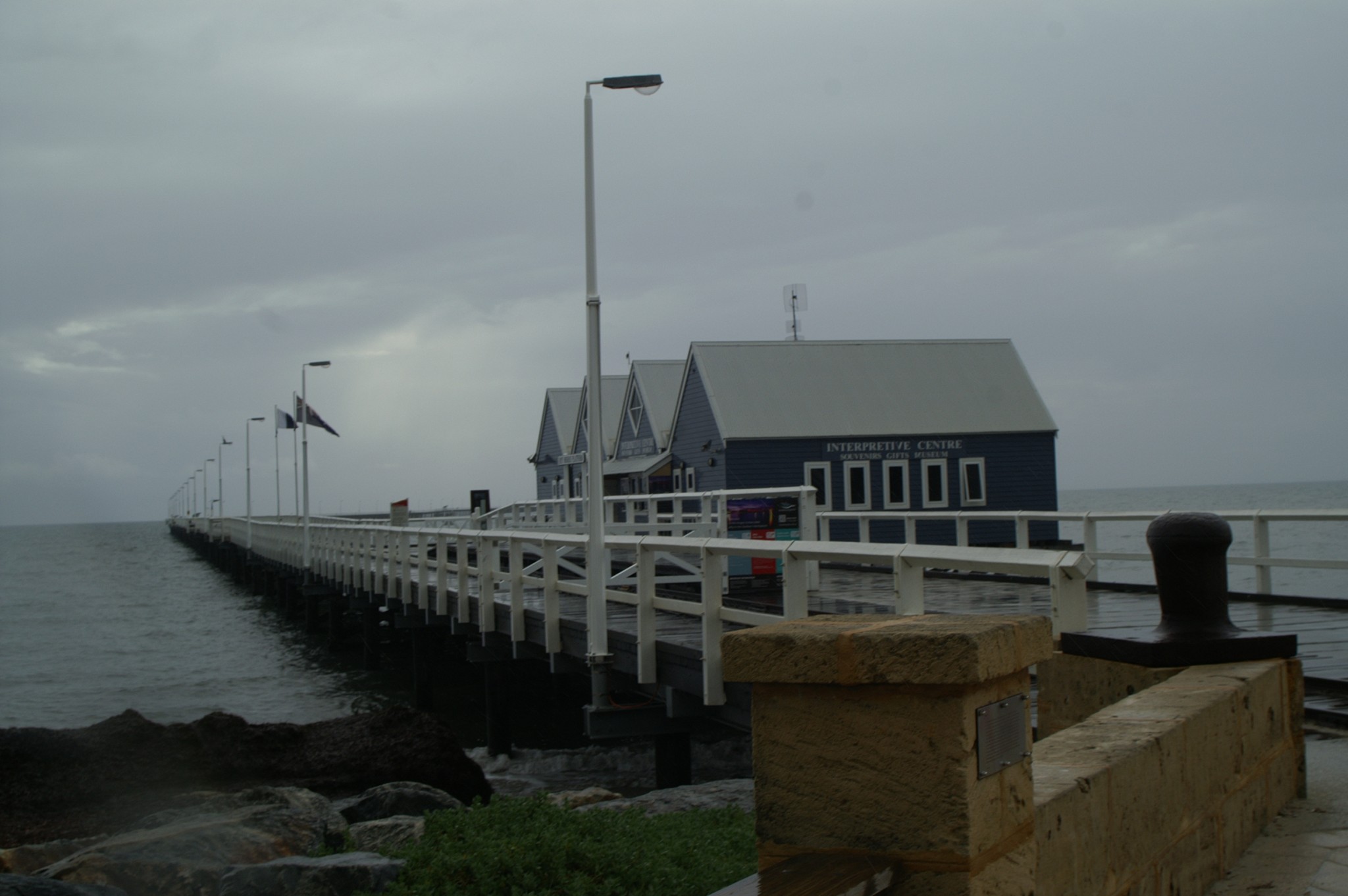 But, we weren’t there all the time and we didn’t get a dog or pussy nor did we actually see any of the lambs come into the world but we did finally go to Busselton on a nice wet cold windy day to find the longest pier and the underwater observatory closed cos of the weather. I took some shots anyway cos this wouldn’t be our blog without them (as I’m sure you’ve come to expect)…..
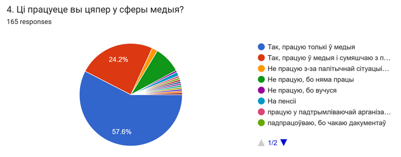 Так, працую толькі ў медыя – 57,6%. Так, працую ў медыя і сумяшчаю з працай у іншай сферы – 24,2%. Не працую, бо няма працы – 8,5%. Не працую праз палітычную сітуацыю ў Беларусі – 1,8%. На пенсіі – 1,2 %. Іншыя адказы – па 0,6%.
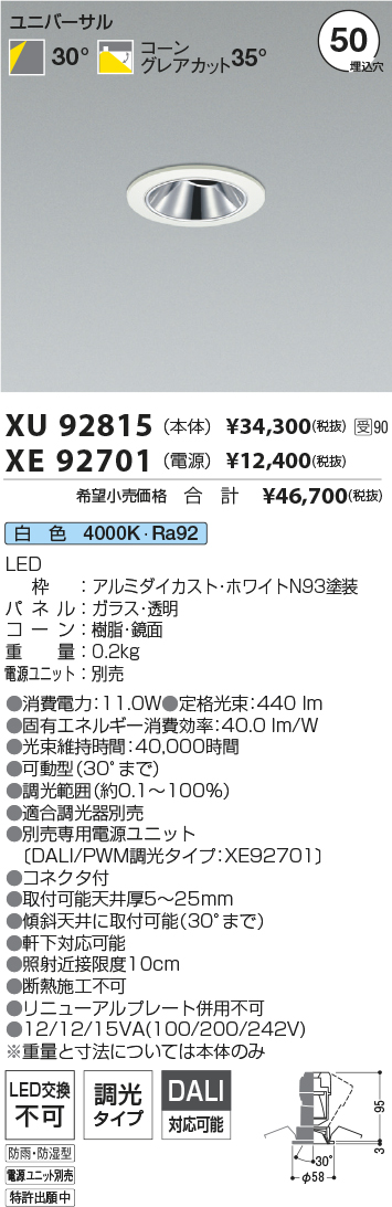 ●別売専用電源ユニット(DALI/PWM調光タイプ:XE92701)
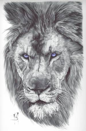 | Lion Head With Blue Eyes - Black And Blue Ink - 8.25 x 11.5 - White Cardstock Paper - 2014 (Sold) | ||
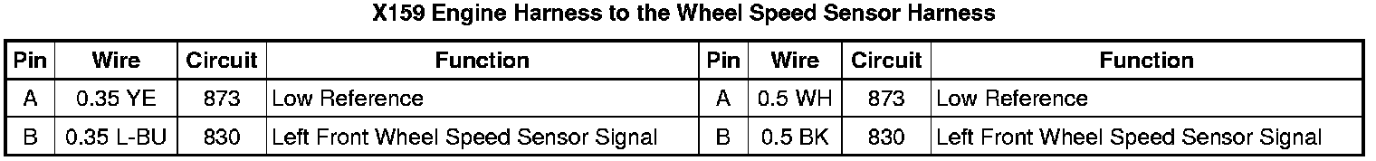 X159 Engine Harness to the Wheel Speed Sensor Harness

________________________________________

What is being asked
Repeat each line of the records exactly, dropping the pictures.

Answer to this exercise
 But, we weren’t there all the time and we didn’t get a dog or pussy nor did we actually see any of the lambs come into the world but we did finally go to Busselton on a nice wet cold windy day to find the longest pier and the underwater observatory closed cos of the weather. I took some shots anyway cos this wouldn’t be our blog without them (as I’m sure you’ve come to expect)…..
 Так, працую толькі ў медыя – 57,6%. Так, працую ў медыя і сумяшчаю з працай у іншай сферы – 24,2%. Не працую, бо няма працы – 8,5%. Не працую праз палітычную сітуацыю ў Беларусі – 1,8%. На пенсіі – 1,2 %. Іншыя адказы – па 0,6%.
 ●別売専用電源ユニット(DALI/PWM調光タイプ:XE92701)
 | Lion Head With Blue Eyes - Black And Blue Ink - 8.25 x 11.5 - White Cardstock Paper - 2014 (Sold) | ||
 X159 Engine Harness to the Wheel Speed Sensor Harness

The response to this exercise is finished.